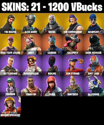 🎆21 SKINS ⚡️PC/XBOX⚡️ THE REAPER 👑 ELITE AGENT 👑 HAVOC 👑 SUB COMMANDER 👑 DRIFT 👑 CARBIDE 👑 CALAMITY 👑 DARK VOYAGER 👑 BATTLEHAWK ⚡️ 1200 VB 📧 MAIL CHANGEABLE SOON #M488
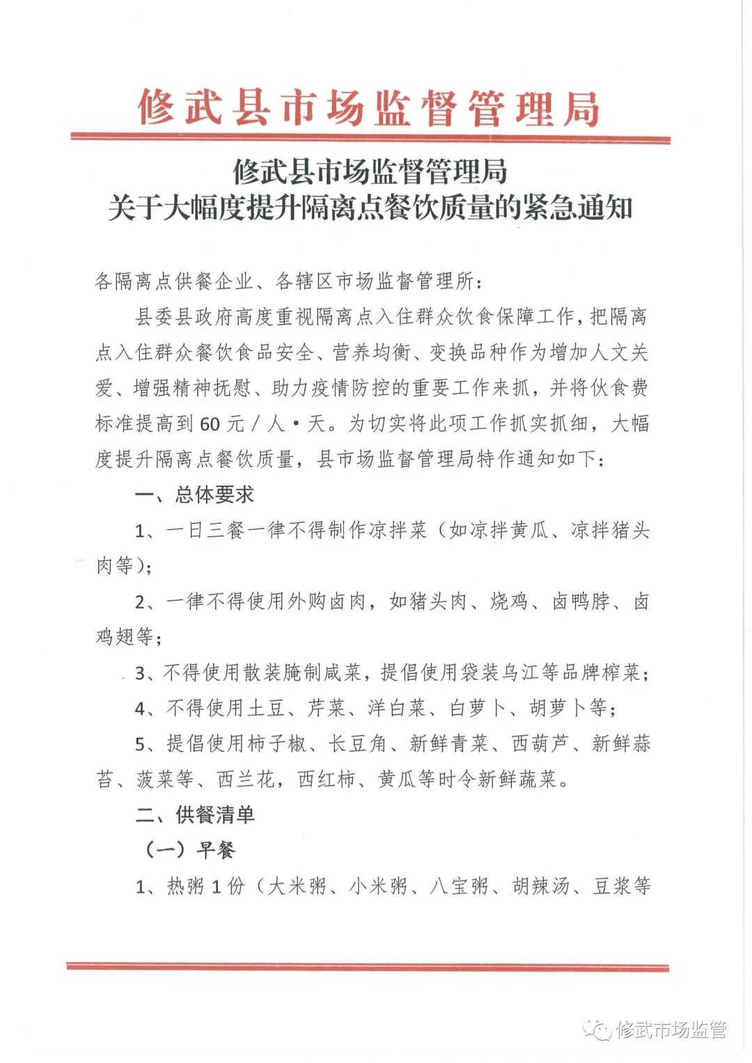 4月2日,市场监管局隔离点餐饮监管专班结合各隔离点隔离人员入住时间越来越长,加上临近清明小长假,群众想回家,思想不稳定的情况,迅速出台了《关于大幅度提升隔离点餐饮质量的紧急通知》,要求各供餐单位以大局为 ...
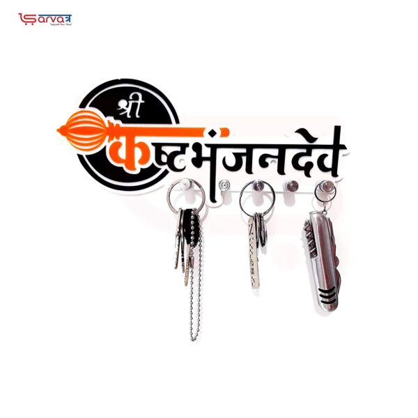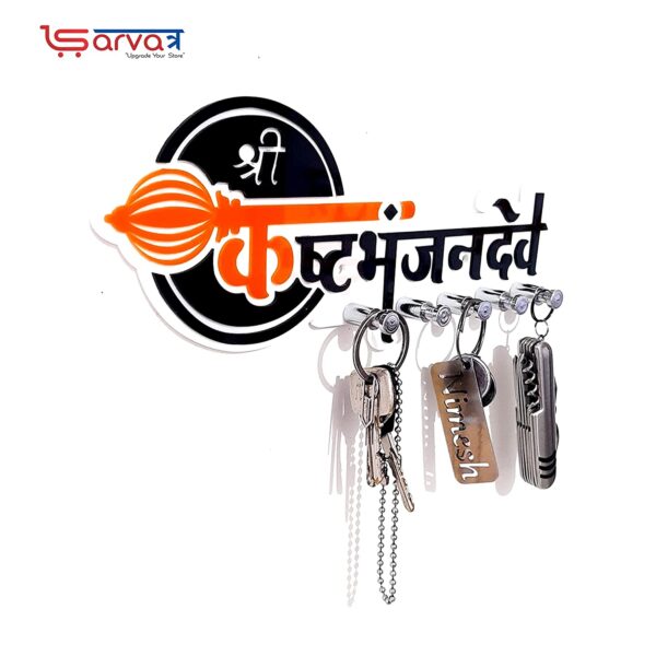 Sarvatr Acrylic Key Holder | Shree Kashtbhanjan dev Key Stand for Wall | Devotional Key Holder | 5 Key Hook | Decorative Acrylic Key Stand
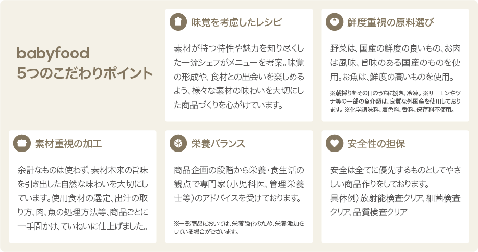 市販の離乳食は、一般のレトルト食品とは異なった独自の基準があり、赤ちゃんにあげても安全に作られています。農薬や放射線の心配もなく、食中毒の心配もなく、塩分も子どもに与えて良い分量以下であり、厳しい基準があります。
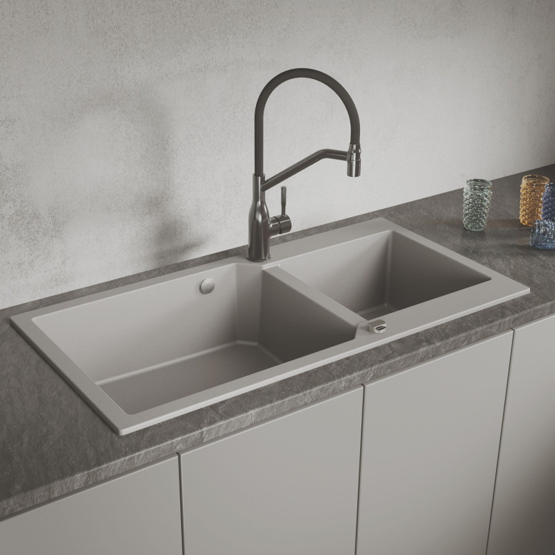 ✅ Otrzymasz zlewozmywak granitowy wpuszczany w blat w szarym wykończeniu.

---

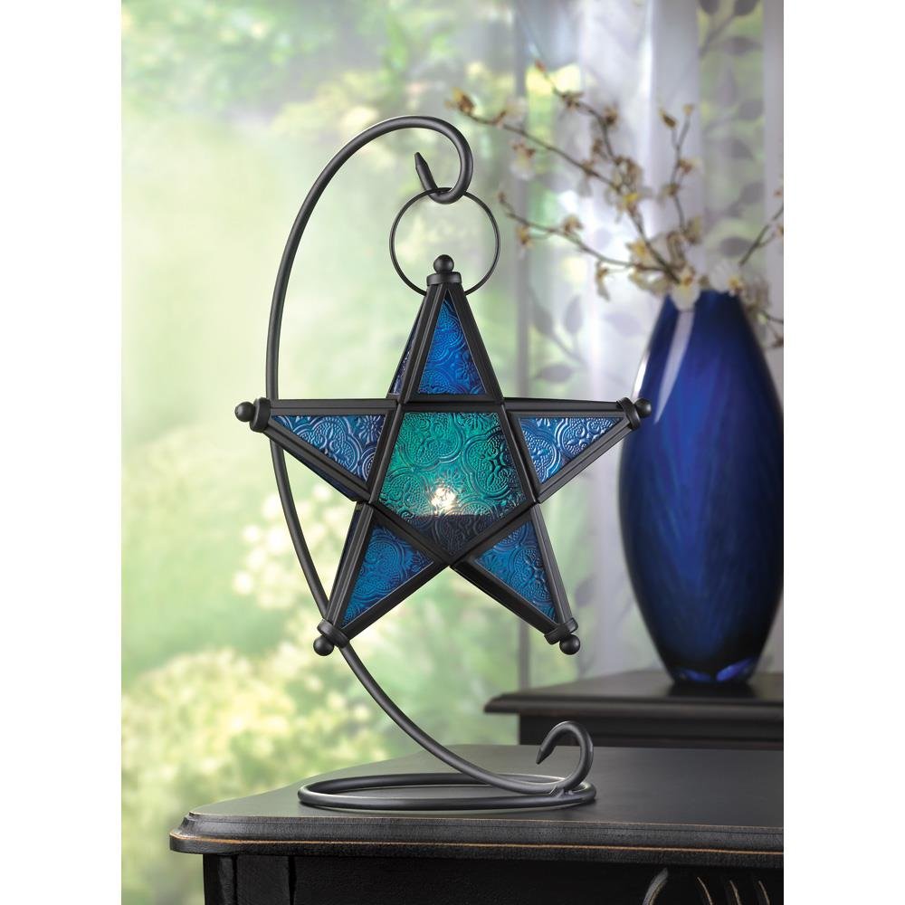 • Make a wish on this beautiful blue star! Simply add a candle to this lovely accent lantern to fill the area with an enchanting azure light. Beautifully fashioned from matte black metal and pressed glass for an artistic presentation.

---

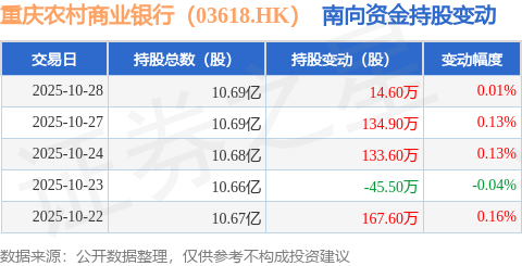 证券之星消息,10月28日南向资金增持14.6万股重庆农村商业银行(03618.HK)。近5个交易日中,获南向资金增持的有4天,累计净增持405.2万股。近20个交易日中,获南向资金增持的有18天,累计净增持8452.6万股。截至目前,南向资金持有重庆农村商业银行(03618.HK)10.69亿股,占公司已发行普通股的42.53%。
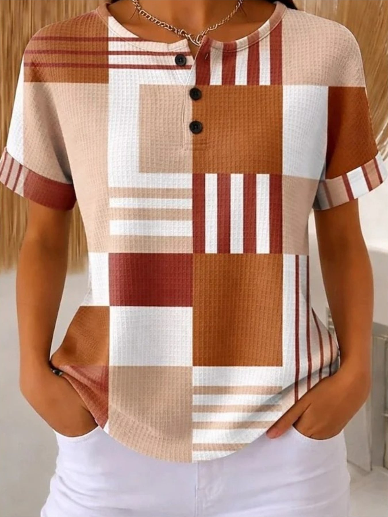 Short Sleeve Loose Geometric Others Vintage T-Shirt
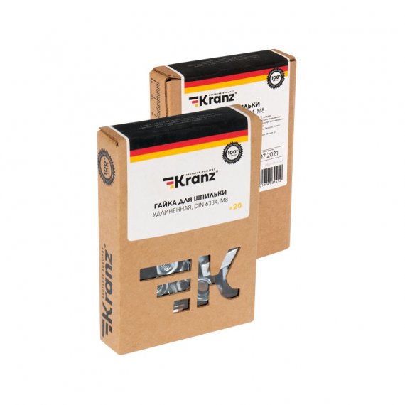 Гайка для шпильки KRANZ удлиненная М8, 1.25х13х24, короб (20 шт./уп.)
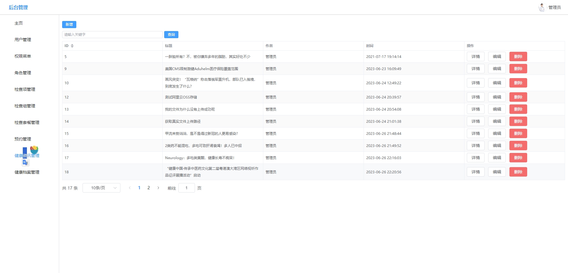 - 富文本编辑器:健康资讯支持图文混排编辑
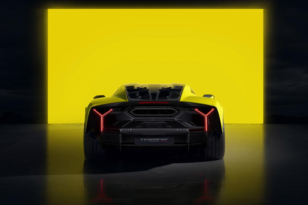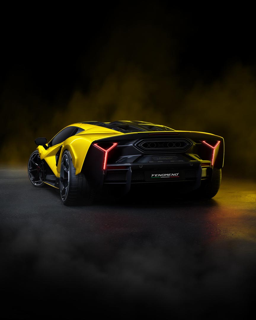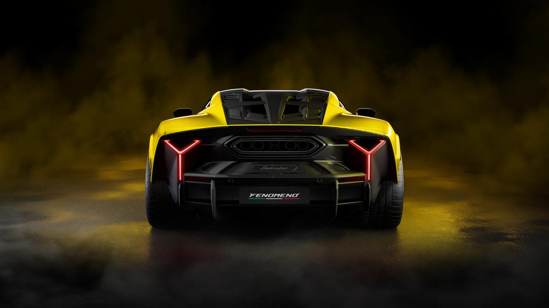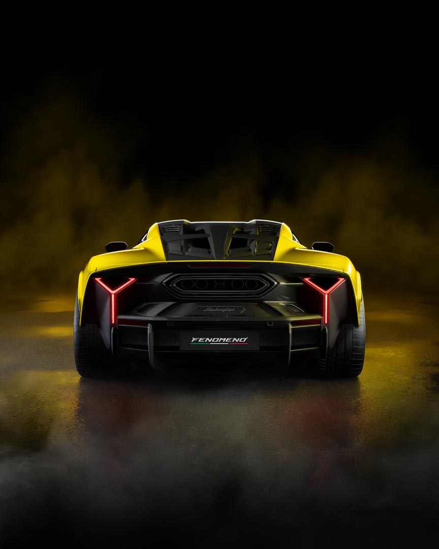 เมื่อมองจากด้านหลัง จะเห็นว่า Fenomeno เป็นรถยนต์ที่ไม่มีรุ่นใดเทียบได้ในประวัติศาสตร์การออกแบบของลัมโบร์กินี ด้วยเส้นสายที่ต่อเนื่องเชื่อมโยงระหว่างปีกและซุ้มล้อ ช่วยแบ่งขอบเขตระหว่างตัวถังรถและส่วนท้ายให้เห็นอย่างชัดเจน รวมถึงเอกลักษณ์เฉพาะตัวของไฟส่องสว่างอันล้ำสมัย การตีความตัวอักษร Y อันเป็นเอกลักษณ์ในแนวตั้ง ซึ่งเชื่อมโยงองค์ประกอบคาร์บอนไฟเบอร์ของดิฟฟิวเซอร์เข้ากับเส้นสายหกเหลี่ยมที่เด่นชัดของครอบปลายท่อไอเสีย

**Work to be completed**
Everything from the line with "证券之星消息,10月28日南" down to the line with "เมื่อมองจากด้านหลัง จะเห็นว่า Fenomeno" in the data above should be copied exactly, with both end lines kept and the pictures left out.

**Answer area**
 证券之星消息,10月28日南向资金增持14.6万股重庆农村商业银行(03618.HK)。近5个交易日中,获南向资金增持的有4天,累计净增持405.2万股。近20个交易日中,获南向资金增持的有18天,累计净增持8452.6万股。截至目前,南向资金持有重庆农村商业银行(03618.HK)10.69亿股,占公司已发行普通股的42.53%。
 Short Sleeve Loose Geometric Others Vintage T-Shirt
 Гайка для шпильки KRANZ удлиненная М8, 1.25х13х24, короб (20 шт./уп.)
 - 富文本编辑器:健康资讯支持图文混排编辑
 เมื่อมองจากด้านหลัง จะเห็นว่า Fenomeno เป็นรถยนต์ที่ไม่มีรุ่นใดเทียบได้ในประวัติศาสตร์การออกแบบของลัมโบร์กินี ด้วยเส้นสายที่ต่อเนื่องเชื่อมโยงระหว่างปีกและซุ้มล้อ ช่วยแบ่งขอบเขตระหว่างตัวถังรถและส่วนท้ายให้เห็นอย่างชัดเจน รวมถึงเอกลักษณ์เฉพาะตัวของไฟส่องสว่างอันล้ำสมัย การตีความตัวอักษร Y อันเป็นเอกลักษณ์ในแนวตั้ง ซึ่งเชื่อมโยงองค์ประกอบคาร์บอนไฟเบอร์ของดิฟฟิวเซอร์เข้ากับเส้นสายหกเหลี่ยมที่เด่นชัดของครอบปลายท่อไอเสีย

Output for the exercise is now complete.